Hidden strengths of US economy can puzzle even the economists
It was a week to confound the economists. As a group, they had predicted a major slowing in the rate of economic expansion during this, the second quarter of 1984.
Instead, the Commerce Department's flash estimate of the gross national product (GNP) came in at a strong 5.7 percent.
That number is substantially lower than the 9.7 percent growth rate (revised upward) of the first quarter. But it is considerably higher than the long-term capacity of the US economy to grow. Moreover, first-quarter numbers had included major inventory accumulation; the pace of final sales, which reflects consumer demand, actually picked up in the second quarter.
Even the cynics have to be asking, ''Does Reaganomics really work?'' The jury is still out looking for the definitive answer to that one. Old-line economists contend that the economy's strong growth rate during the first 18 months of this expansion is nothing more than what's to be expected given the massive fiscal stimulus provided it by the 1981 tax cuts, phased in over three years.

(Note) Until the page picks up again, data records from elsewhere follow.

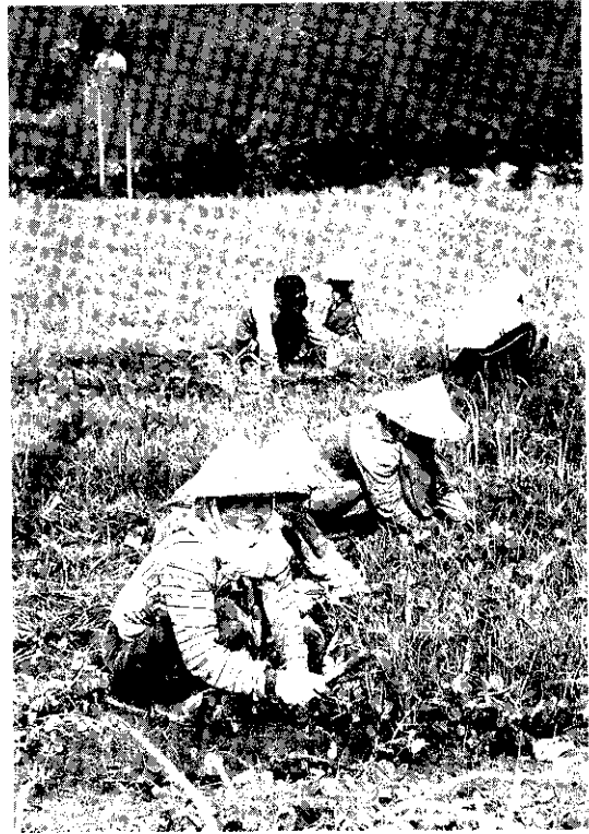
花生採收費工，尤其春豆採收時，恰逢雨季，倍感吃力，若能以機械採收，即能省時省工。(洪秀鳳)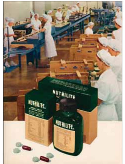
A NUTRILITE csomagolószóra

* A 2008. évi értékesítési adatok alapján, az Euromonitor International felmérése szerint.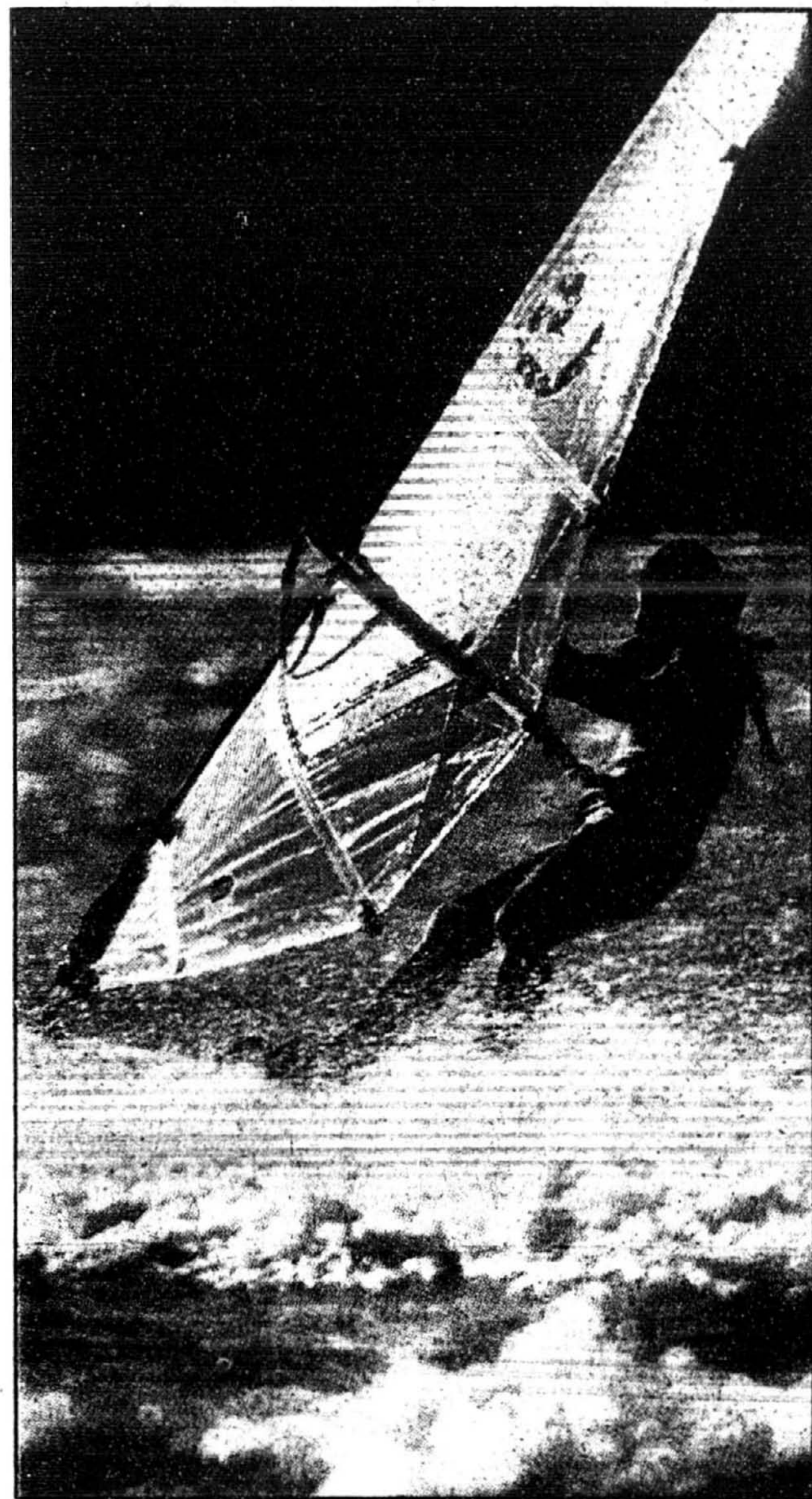
Hier matin, c'est par dizaines que les amateurs de planche à voile, vêtus d'une combinaison isolante, se sont retrouvés sur le lac des Deux-Montagnes, plus précisément dans le parc régional de la CUM de l'Anse à l'Orme, situé boulevard Gouin, pour s'adonner à leur sport de prédilection.

But some of these same economists seem to have been wrong in thinking the economy had already begun to slow down because of competing demands for credit.

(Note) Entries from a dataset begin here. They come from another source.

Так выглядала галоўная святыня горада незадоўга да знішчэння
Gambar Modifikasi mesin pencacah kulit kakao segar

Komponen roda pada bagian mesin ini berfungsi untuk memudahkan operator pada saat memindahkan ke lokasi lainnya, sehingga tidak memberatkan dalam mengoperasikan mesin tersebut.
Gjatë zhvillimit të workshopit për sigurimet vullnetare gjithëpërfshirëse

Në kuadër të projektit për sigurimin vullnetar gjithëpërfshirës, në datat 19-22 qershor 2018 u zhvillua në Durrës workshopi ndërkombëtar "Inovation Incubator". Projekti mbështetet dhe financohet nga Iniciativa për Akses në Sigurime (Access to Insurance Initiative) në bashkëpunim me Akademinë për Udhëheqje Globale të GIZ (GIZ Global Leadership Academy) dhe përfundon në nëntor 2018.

True believers in supply-side economics, a major manifestation of which was the tax cuts directed at middle- and upper-income families, see their theories beginning to be verified. Faster-than-expected economic growth is even raising federal income tax revenues. The Reagan incentives for new investment have also helped spawn new business and have aided in the country's restructuring away from smokestack industries to an even greater emphasis on high-tech and service industries.

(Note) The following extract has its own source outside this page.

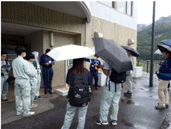
【曲漕ダム概要説明】

その後、下流側にある曲漕ダムパークまでバスで移動し、下流側からダムの見学を行いました。下流堤体面では 1934（昭和 9）年の人口増加等による水需要増加に伴う拡張工事により嵩上げた跡が見られ、福岡市の水の歴史が感じられました。また、通常ダム見学では、開放していない監査廊（新旧）にも、今回は特別に場長のご厚意で見学させていただきました。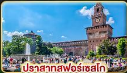
ปราสาทฟอรัสเซโก

Yet, in looking at any period of history, the observer must try to factor in all the relevant elements and decide which are the most decisive. The markets continue to worry about the size of the federal budget deficits and the overhang of third-world debt. Financing deficits approaching $200 billion a year and the need to maintain the solvency of the domestic banking system whatever happens to repayments on foreign loans have given investors the jitters.
They are one factor, besides the needs of the expanding economy itself, that have helped push interest rates higher this spring. Those higher rates do seem to be pulling back the throttle on the expansion.
During May housing starts fell by 10.5 percent, and this decline was undoubtedly connected to rising mortgage rates. Personal income, also announced last week, grew by 0.6 percent in May, while personal consumption expenditures rose by 1.1 percent. This indicated a robust consumer, but one who was digging into his savings rate to maintain the rate of increase in spending.
Inflation, at 2.8 percent this quarter, continues to run at a lower rate than most economists had expected. (The 0.2 percent increase in the consumer price index in May is at about the same annual rate as the GNP deflator.) While that rate is likely to pick up as this business cycle matures, this administration deserves the credit for braking the inflationary psychology that had gripped the US during the 1970s. In the long term, this may be one of the most important accomplishments of the Reagan years.
A word about flash GNP estimates: They're based on the first six weeks of a quarter and can err substantially. This may be the case for the second quarter of '84. The economy undoubtedly came out of winter with a roar. The May statistics have indicated some slowing during that month (industrial production, for example, was up only 0.4 percent). If that trend continues in June, the second quarter would likely be marked down from last week's estimate.